Here's the truth: I can't wave a magic wand and make presentation anxiety disappear. But I can give you three tools that actually work. These are the strategies I give to every person who walks into my office struggling with nerves. They're practical. They're learnable. And they give you real control over the situation.

Strategy 1: Lead with Your Answer

One of the biggest sources of presentation anxiety is not knowing where to start. You're standing at the beginning of your presentation, wanting to get through that first sentence, and everything after that feels terrifying.

Most presenters spend so much time building up to their main point that they lose the room before they ever get there. That pressure makes nerves worse because you're waiting to see if the reveal lands. You're holding your breath through 10 minutes of setup hoping it all pays off.

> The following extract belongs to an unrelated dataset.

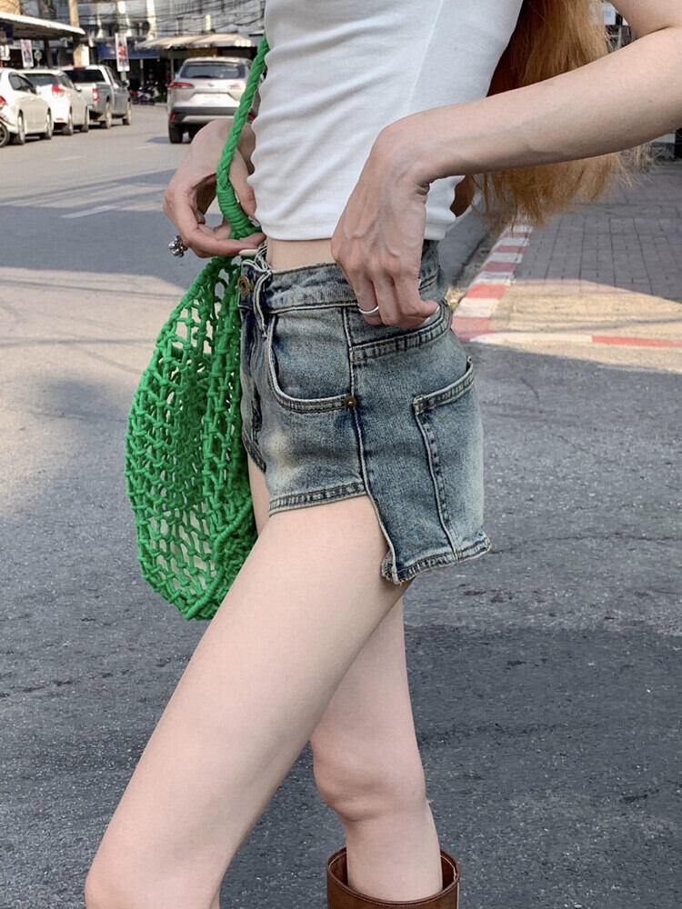 ホット不規則なレトロデニムショートパンツレディース夏ハイウエスト弾性スリットパンツ小さなAラインパンツパンツ エラスティック 伸縮 サマー 夏物 ショーツ ブルマー berry16874267303 | beaute25

The fix is simple: lead with your conclusion. State your key takeaway in the first 30 seconds. Think of it like a newspaper headline. All the most valuable information is right up front.

When your audience knows where you're going, something shifts. You feel more in control because you're not waiting. You're not building suspense. You've already made your point. This is the "Answer First" approach, also called BLUF (Bottom Line Up Front). It's one of the most powerful things you can do for both your structure and your confidence.

Strategy 2: Prepare the Right Way: Out Loud and in Front of People

Practicing feels easy to skip, especially when you're already nervous. The last thing you want to do is think about the presentation more. So you avoid it. You tell yourself you know the material. You'll figure it out when you get there. You flip through the slides a few times while "talking" through it in your head.

That avoidance makes the anxiety worse on the big day.

Preparation matters, but how you prepare matters just as much. Reviewing your slides in your head and actually being ready to present are completely different things. Two things need to happen:

Say it out loud. Thinking through what you'll say and saying it out loud are completely different experiences. Practicing out loud shows you where there are awkward transitions, too much content, or not enough. Do this alone first, in your car or your kitchen, until your talk track feels natural. Then rehearse for other people.

Find an audience that feels slightly outside your comfort zone. A colleague. A friend. A small group of coworkers. The goal is to feel those nerves before the actual presentation, not for the first time on the big day. When you've already stumbled through a sentence and recovered, you know you can handle it. When you've already survived an awkward pause, your nervous system isn't caught off guard when it matters.

You know your material better than anyone in that room. Preparation is how you make sure your brain can actually access it when the pressure is on.

Strategy 3: Name Your Nerves Out Loud

This is my favorite tool and it feels scary, but I want you to try it.

If you're nervous going into a presentation, open with something like this:

"I'm really glad to be here today. I want to be upfront with you and let you know I'm a little nervous. If you hear my voice shake or notice that I seem anxious, just know that it comes from genuinely wanting to get this right. I've put a lot of preparation into this, and I want to do justice to that work and make good use of your time."

Say it in your own words to make it yours. But you're naming the thing you're worried about your audience seeing, and you're taking charge of the situation.

Here's what happens when you name your nerves: you take the power out of them by calling them out first. You have a human, vulnerable moment and get the audience on your side. You signal that your nerves come from caring, which most people in that room deeply relate to. The elephant leaves the room. The audience starts rooting for you. And you can breathe and move forward.

Audiences aren't forgiving of presenters who don't know their material. But they're incredibly forgiving of human moments. When someone admits they're nervous and they care, people connect with that.

The Bottom Line

Try one of these strategies for your next presentation. Try all three if you want. The point is that confidence isn't something you're born with. It's built through structure, preparation, and knowing exactly what you're going to say before you walk into the room.